Your answer should hold exactly the lines below from the line with "Sebagai wujud ucapan" through the line with "Floral Dark Blue", both included, and no pictures at all.

Data extracted from a collection:
>>>
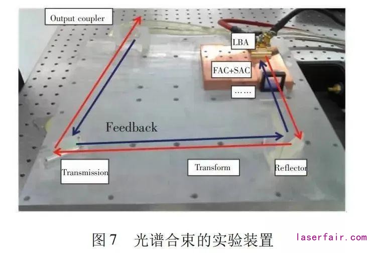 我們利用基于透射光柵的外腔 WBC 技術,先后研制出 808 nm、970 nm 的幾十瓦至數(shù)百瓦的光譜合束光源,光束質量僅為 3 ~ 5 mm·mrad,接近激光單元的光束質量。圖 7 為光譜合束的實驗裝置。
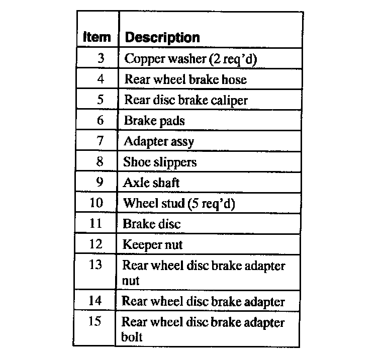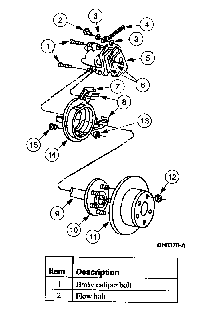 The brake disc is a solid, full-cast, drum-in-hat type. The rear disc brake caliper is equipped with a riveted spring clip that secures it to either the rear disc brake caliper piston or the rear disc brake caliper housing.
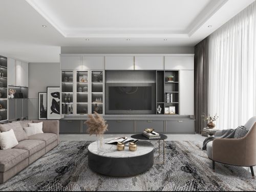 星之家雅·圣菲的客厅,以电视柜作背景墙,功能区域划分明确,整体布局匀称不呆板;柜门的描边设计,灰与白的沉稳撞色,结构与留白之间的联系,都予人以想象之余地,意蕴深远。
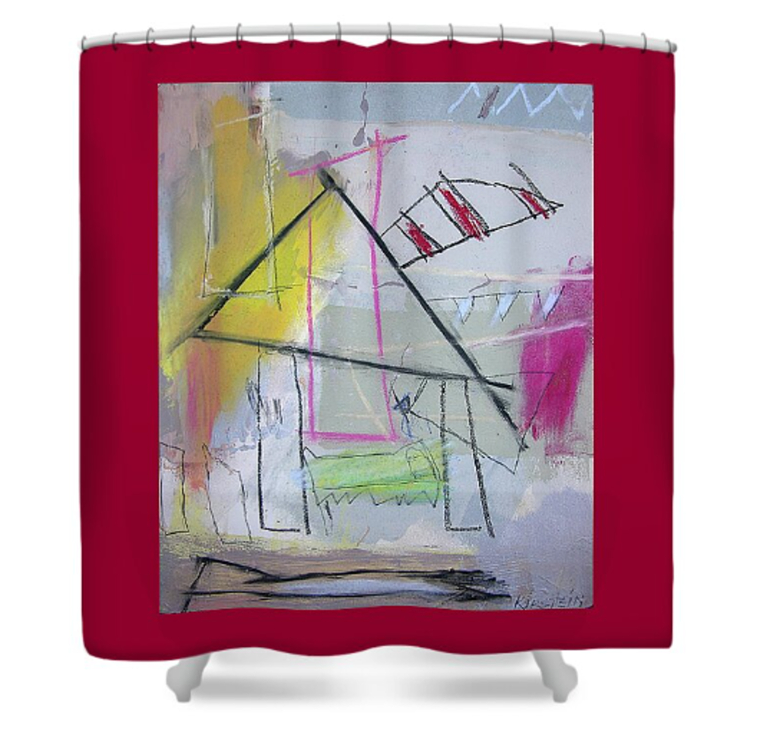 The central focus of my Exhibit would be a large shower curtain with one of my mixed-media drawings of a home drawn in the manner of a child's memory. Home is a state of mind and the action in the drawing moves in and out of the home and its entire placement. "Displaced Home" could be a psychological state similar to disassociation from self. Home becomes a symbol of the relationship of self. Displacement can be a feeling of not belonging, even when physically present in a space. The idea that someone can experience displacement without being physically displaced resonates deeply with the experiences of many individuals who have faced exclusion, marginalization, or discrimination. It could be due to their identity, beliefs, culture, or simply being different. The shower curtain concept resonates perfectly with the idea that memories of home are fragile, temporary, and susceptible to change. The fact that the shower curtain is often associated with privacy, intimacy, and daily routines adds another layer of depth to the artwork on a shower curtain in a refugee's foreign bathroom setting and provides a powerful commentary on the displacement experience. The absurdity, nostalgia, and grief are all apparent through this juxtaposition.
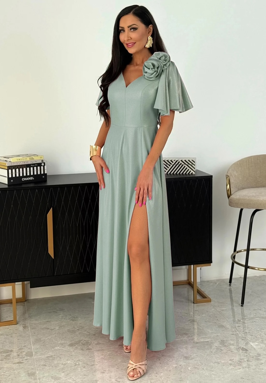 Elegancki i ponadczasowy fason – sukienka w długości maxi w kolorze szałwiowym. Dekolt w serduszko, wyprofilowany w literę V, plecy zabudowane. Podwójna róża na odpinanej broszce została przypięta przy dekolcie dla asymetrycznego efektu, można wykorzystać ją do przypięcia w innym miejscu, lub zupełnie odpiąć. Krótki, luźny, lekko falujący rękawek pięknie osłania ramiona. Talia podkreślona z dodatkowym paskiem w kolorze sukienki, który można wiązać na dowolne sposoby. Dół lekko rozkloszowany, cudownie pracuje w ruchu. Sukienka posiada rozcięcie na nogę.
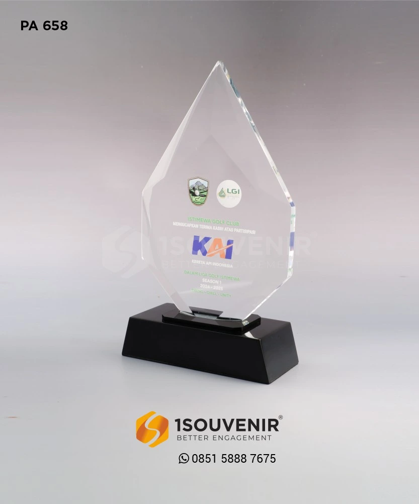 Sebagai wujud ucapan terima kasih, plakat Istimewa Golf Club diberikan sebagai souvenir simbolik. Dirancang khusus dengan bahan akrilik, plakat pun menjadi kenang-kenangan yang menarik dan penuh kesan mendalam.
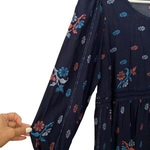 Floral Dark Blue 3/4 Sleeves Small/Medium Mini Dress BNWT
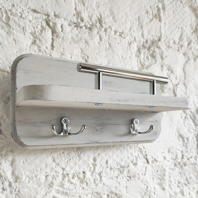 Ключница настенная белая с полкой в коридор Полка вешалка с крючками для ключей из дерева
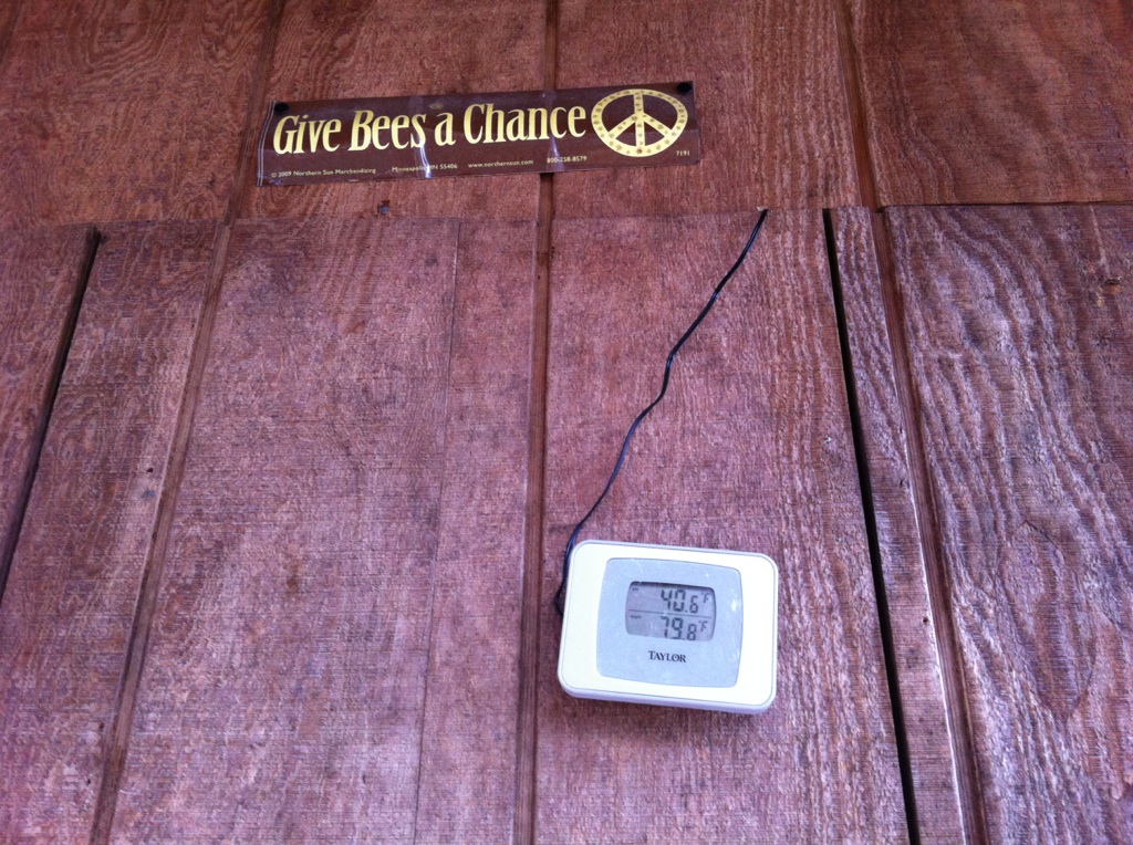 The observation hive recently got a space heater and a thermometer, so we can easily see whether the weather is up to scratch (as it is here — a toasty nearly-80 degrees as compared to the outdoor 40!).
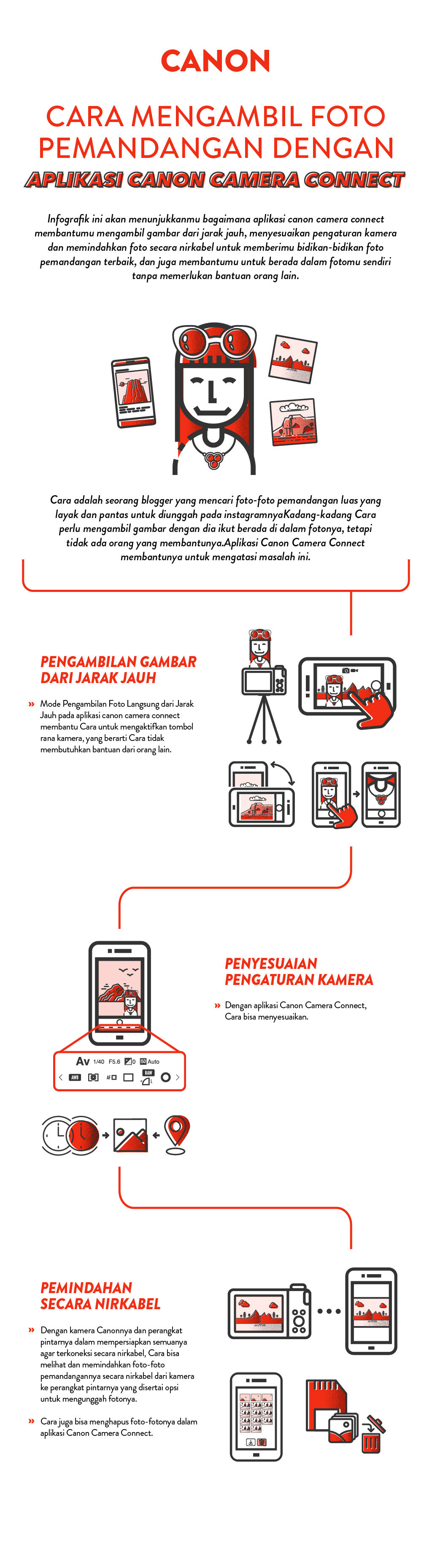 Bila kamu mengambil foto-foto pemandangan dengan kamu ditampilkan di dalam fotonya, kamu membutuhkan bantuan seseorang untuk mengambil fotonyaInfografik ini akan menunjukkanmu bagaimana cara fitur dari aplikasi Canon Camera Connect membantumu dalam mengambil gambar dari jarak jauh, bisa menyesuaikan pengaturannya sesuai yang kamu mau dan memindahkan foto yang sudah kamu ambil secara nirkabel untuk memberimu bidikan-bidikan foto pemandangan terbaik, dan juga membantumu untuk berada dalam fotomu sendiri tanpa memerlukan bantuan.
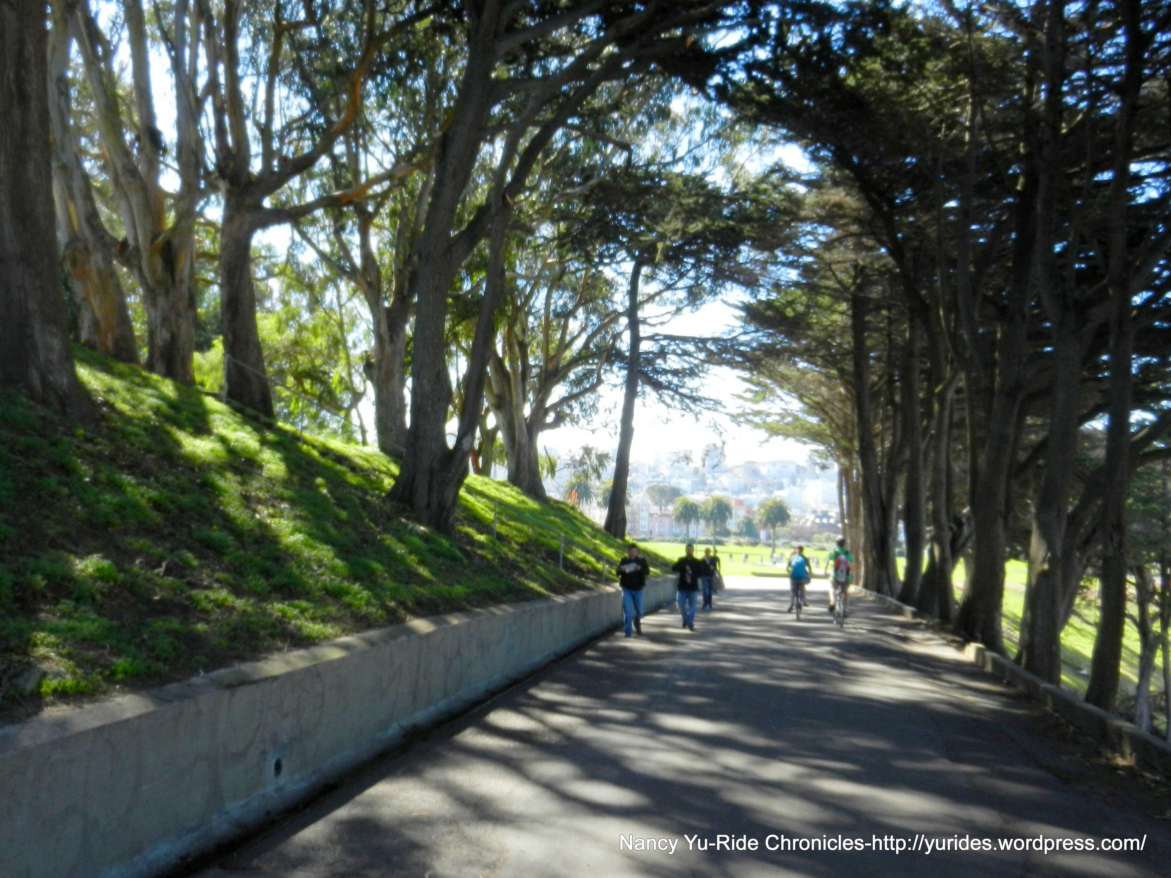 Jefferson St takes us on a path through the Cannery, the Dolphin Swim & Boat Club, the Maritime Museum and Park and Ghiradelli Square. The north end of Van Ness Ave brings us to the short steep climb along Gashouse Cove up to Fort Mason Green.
<<<
WRITTEN SOLUTION:
 Sebagai wujud ucapan terima kasih, plakat Istimewa Golf Club diberikan sebagai souvenir simbolik. Dirancang khusus dengan bahan akrilik, plakat pun menjadi kenang-kenangan yang menarik dan penuh kesan mendalam.
 Floral Dark Blue 3/4 Sleeves Small/Medium Mini Dress BNWT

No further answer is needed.